▶ Problem statement
Only the lines from the beginning of the material below through the line with "오래 유지한 보험을 아깝게" should be retyped exactly, and pictures are to be skipped.

▶ Data records
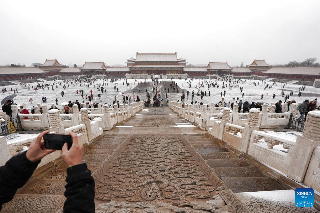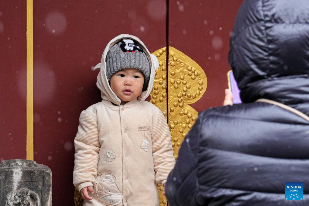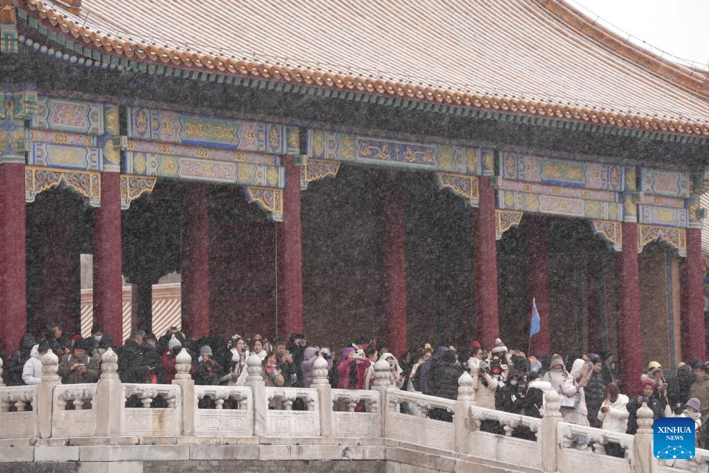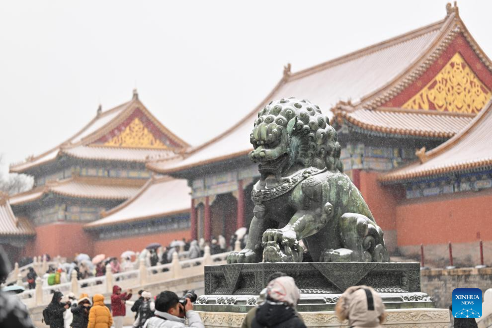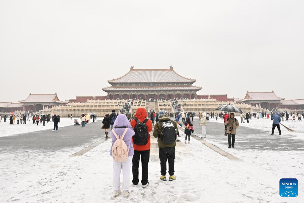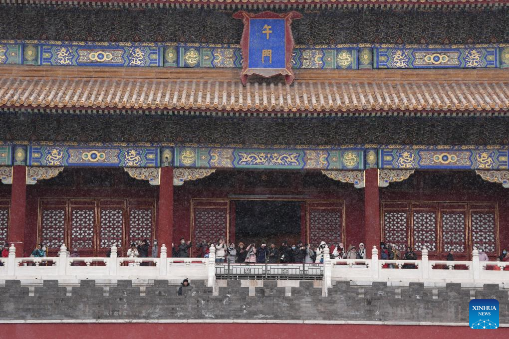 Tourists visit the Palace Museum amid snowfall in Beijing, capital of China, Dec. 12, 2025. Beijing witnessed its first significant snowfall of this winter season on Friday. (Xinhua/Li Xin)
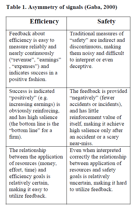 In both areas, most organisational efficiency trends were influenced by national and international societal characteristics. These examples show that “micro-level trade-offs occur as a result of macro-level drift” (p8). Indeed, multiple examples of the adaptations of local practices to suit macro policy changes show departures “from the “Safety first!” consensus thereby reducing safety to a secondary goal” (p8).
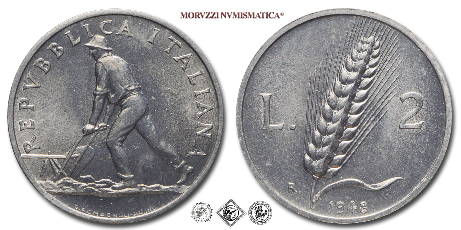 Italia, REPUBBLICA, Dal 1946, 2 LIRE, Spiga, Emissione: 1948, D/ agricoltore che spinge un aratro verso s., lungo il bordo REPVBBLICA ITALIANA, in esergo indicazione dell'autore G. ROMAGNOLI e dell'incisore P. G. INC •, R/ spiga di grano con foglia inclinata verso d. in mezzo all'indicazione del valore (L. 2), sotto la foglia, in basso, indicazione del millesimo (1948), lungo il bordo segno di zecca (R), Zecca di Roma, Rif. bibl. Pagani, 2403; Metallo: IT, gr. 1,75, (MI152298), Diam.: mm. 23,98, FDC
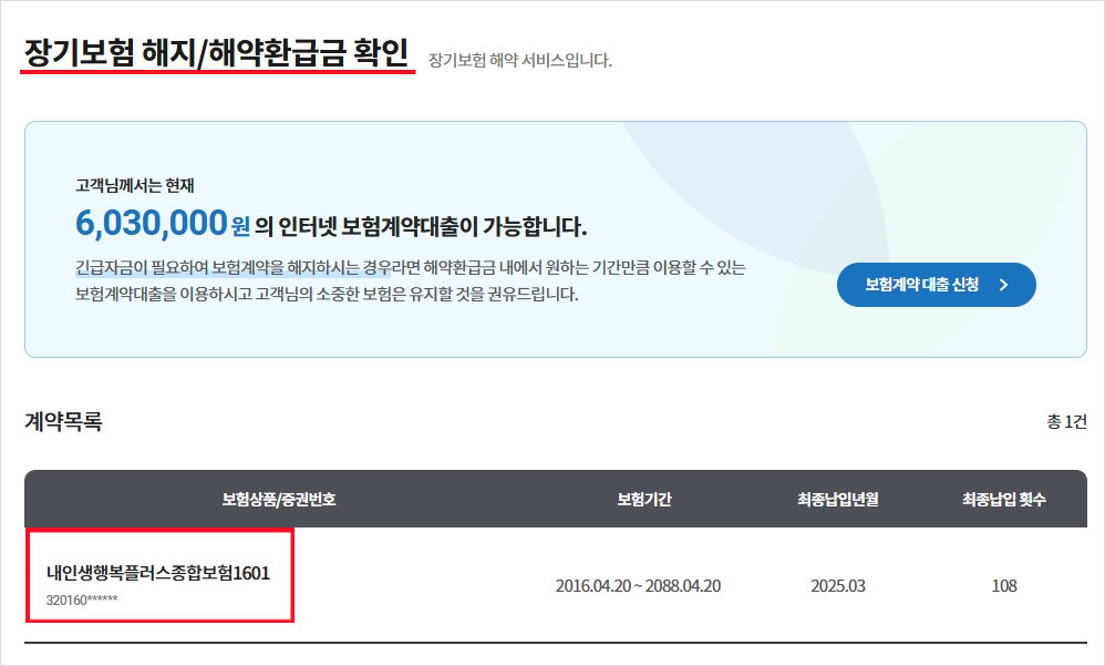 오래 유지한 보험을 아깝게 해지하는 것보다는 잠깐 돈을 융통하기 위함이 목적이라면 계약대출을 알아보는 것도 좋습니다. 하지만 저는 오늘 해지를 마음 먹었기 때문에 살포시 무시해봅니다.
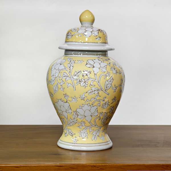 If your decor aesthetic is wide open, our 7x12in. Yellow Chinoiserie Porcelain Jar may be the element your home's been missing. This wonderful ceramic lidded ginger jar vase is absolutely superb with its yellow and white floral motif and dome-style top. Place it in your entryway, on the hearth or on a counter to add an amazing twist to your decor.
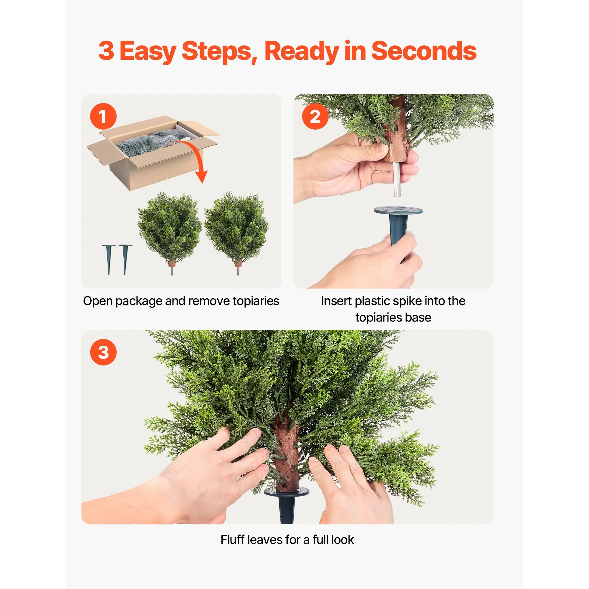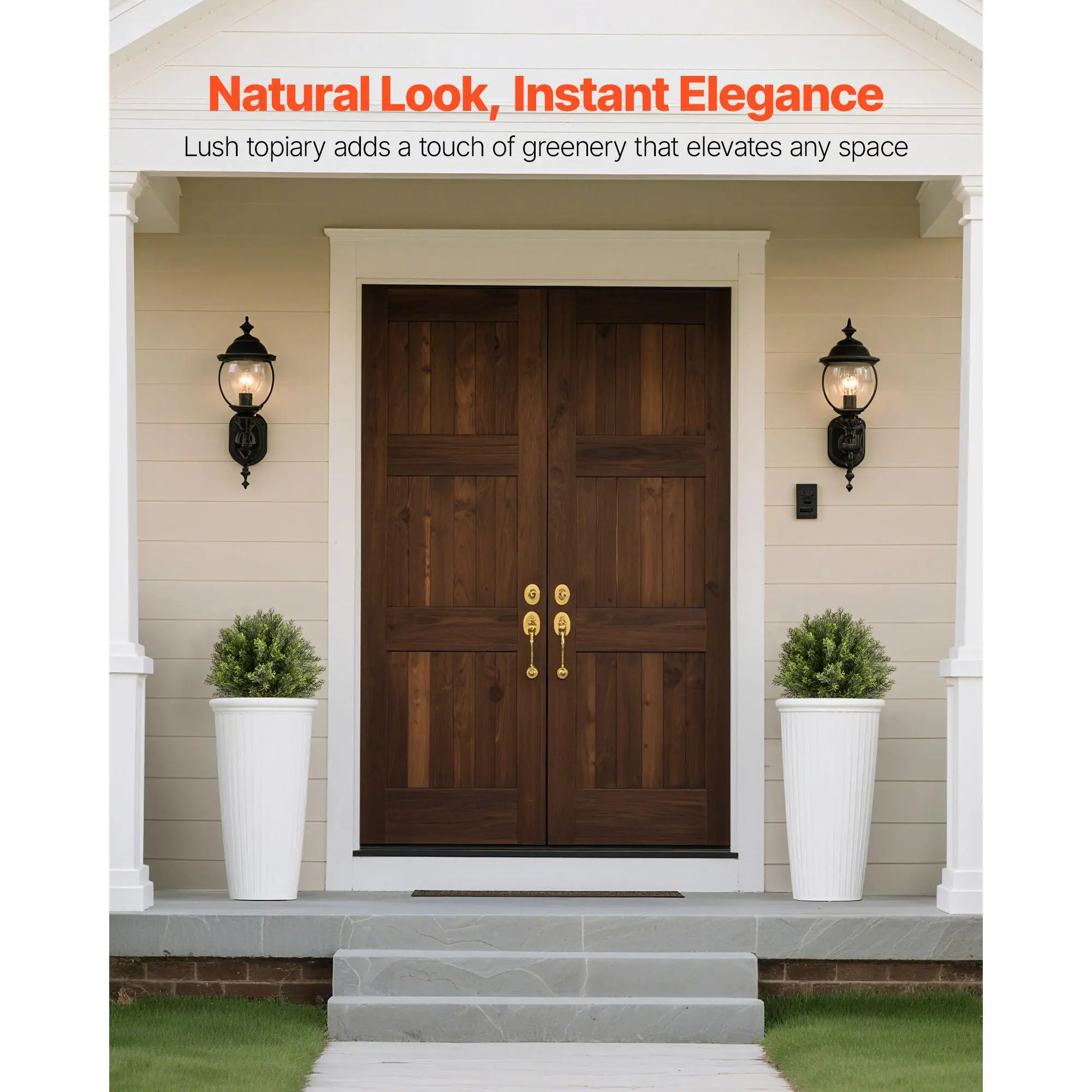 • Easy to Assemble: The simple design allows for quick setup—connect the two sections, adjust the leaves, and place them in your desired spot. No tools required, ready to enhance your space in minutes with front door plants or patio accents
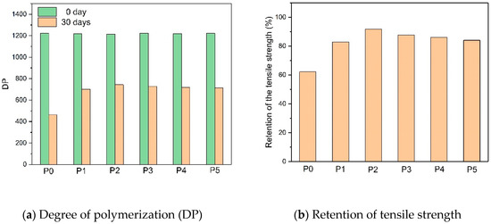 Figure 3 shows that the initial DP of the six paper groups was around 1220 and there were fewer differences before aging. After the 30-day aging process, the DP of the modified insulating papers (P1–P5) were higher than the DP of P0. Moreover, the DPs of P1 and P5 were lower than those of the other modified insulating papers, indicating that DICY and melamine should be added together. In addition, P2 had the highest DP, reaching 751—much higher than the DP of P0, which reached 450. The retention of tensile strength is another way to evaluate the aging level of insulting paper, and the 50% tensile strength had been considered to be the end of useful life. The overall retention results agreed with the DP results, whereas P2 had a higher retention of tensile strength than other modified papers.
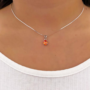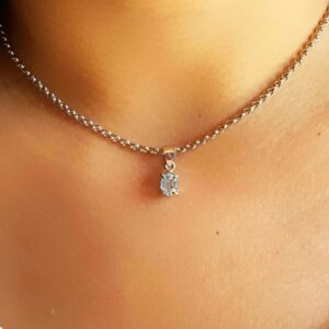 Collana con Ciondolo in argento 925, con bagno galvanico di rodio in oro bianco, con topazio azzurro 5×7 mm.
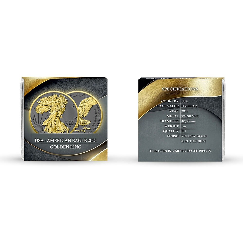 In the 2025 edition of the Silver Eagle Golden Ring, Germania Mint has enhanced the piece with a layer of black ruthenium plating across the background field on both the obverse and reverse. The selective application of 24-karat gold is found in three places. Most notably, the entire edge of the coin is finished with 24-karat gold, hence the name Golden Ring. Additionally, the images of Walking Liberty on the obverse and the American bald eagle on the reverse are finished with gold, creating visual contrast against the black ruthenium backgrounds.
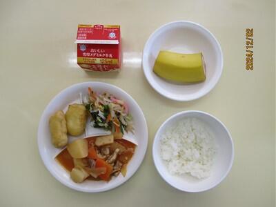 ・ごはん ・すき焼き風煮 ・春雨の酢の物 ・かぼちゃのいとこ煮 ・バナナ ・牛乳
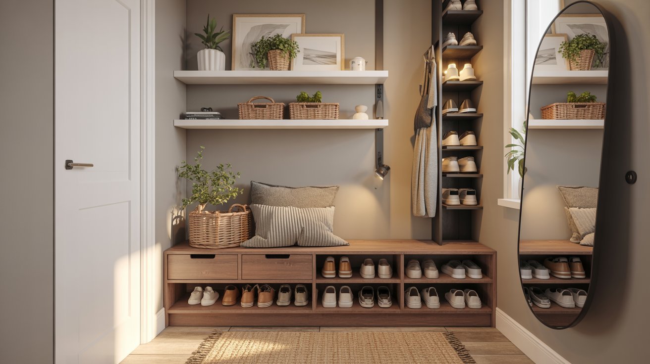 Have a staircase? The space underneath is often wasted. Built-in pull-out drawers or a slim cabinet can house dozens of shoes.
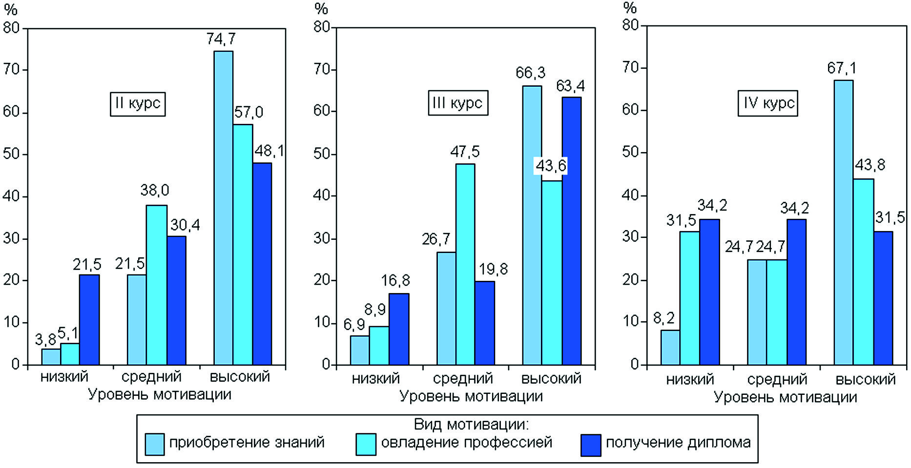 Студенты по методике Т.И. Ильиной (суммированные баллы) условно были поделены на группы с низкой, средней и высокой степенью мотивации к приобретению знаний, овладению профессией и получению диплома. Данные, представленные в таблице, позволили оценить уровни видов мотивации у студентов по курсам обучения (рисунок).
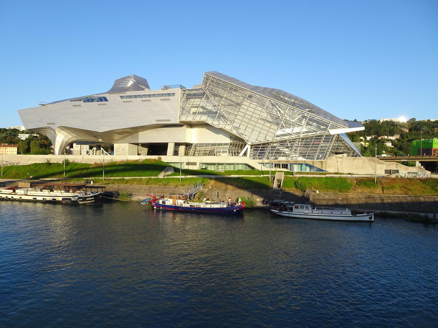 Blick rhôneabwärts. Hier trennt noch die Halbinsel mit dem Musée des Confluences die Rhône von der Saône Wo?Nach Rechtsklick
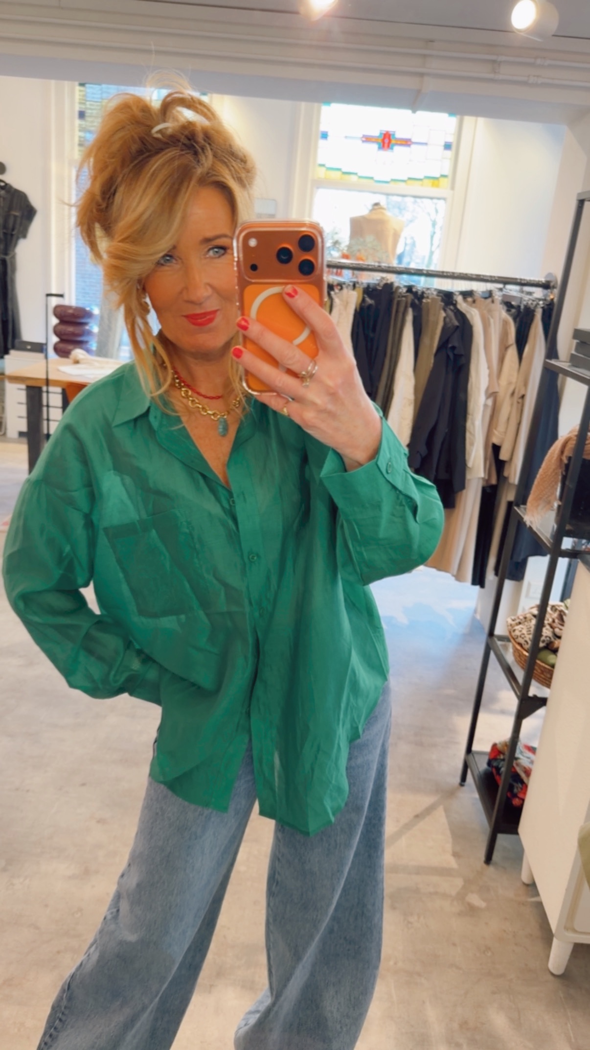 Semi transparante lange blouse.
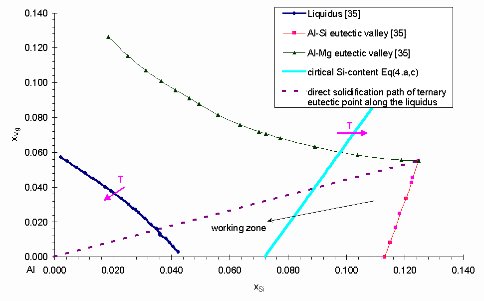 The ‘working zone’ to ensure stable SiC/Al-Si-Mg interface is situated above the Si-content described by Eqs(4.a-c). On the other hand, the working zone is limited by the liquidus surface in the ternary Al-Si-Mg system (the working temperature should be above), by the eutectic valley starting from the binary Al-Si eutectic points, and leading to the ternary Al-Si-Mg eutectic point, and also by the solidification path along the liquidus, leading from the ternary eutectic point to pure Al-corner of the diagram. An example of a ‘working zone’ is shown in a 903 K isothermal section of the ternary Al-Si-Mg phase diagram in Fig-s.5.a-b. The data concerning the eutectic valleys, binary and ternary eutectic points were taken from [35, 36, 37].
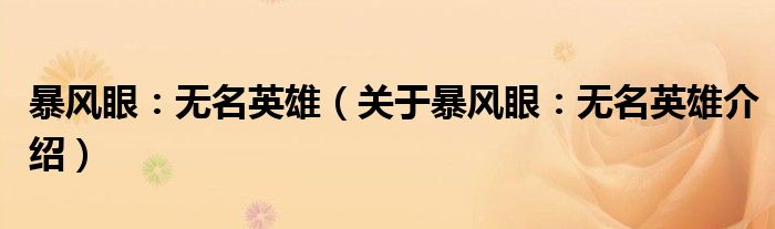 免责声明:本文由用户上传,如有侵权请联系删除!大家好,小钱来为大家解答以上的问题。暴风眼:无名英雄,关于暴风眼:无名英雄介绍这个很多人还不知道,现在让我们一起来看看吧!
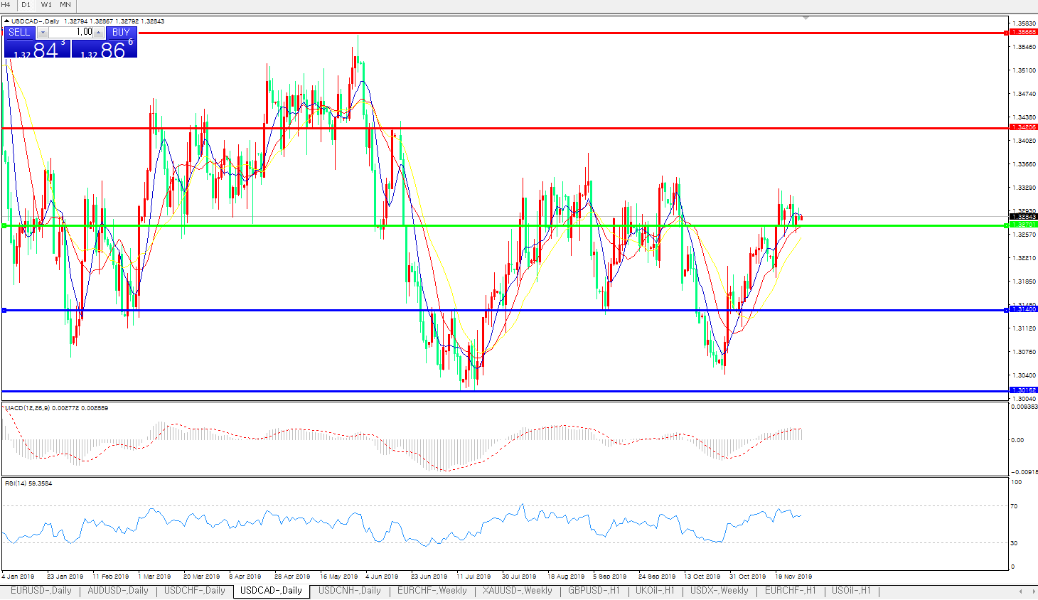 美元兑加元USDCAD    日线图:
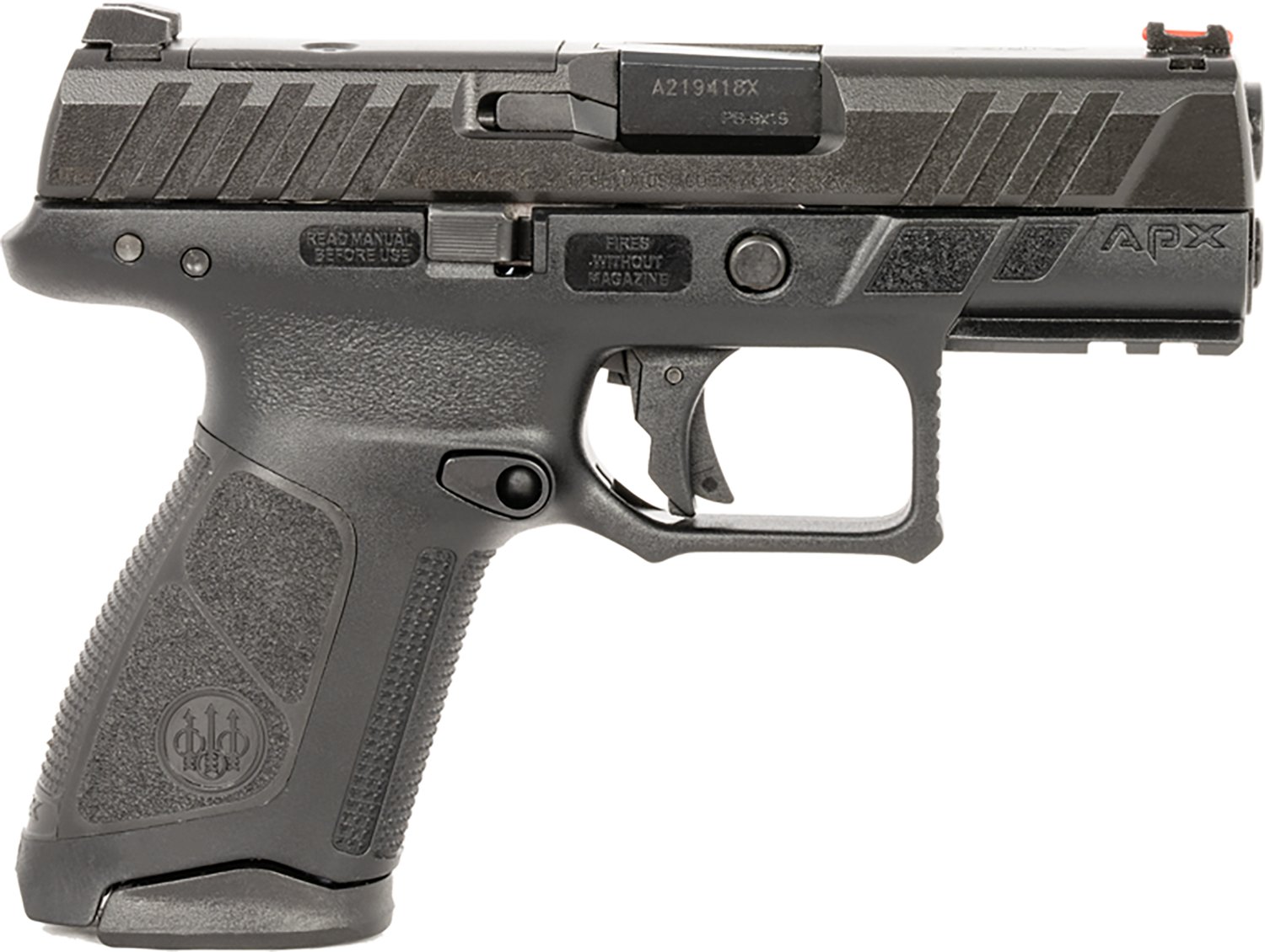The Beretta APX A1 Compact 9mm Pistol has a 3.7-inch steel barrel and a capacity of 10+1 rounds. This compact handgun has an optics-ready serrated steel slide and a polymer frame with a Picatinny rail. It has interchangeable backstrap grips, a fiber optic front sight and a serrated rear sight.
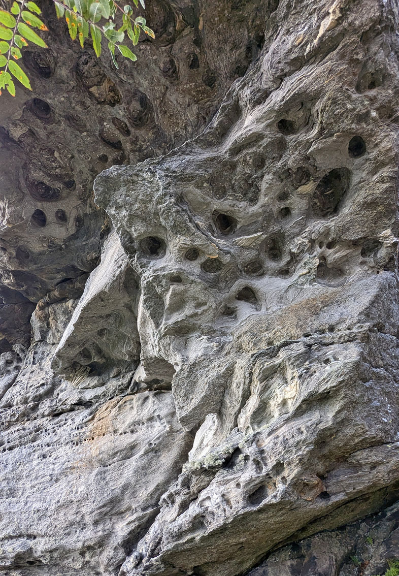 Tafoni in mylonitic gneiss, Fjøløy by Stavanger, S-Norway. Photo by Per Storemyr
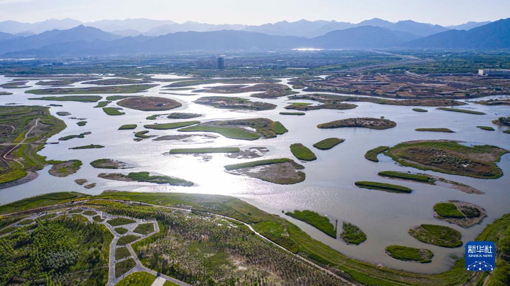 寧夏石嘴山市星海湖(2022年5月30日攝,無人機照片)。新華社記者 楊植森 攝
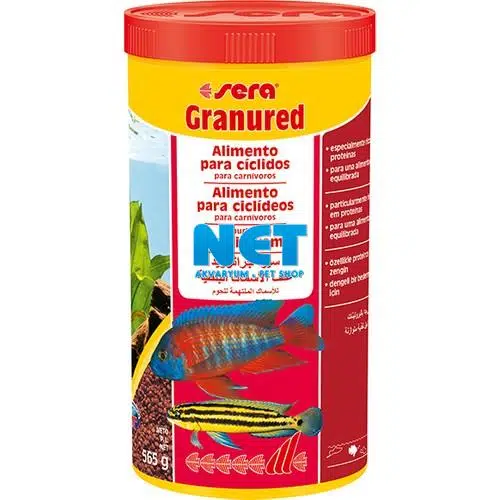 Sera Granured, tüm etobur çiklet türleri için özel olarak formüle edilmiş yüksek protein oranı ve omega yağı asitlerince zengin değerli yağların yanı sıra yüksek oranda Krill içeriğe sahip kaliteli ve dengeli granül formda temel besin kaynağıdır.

▶ Solution below
 Tourists visit the Palace Museum amid snowfall in Beijing, capital of China, Dec. 12, 2025. Beijing witnessed its first significant snowfall of this winter season on Friday. (Xinhua/Li Xin)
 In both areas, most organisational efficiency trends were influenced by national and international societal characteristics. These examples show that “micro-level trade-offs occur as a result of macro-level drift” (p8). Indeed, multiple examples of the adaptations of local practices to suit macro policy changes show departures “from the “Safety first!” consensus thereby reducing safety to a secondary goal” (p8).
 Italia, REPUBBLICA, Dal 1946, 2 LIRE, Spiga, Emissione: 1948, D/ agricoltore che spinge un aratro verso s., lungo il bordo REPVBBLICA ITALIANA, in esergo indicazione dell'autore G. ROMAGNOLI e dell'incisore P. G. INC •, R/ spiga di grano con foglia inclinata verso d. in mezzo all'indicazione del valore (L. 2), sotto la foglia, in basso, indicazione del millesimo (1948), lungo il bordo segno di zecca (R), Zecca di Roma, Rif. bibl. Pagani, 2403; Metallo: IT, gr. 1,75, (MI152298), Diam.: mm. 23,98, FDC
 오래 유지한 보험을 아깝게 해지하는 것보다는 잠깐 돈을 융통하기 위함이 목적이라면 계약대출을 알아보는 것도 좋습니다. 하지만 저는 오늘 해지를 마음 먹었기 때문에 살포시 무시해봅니다.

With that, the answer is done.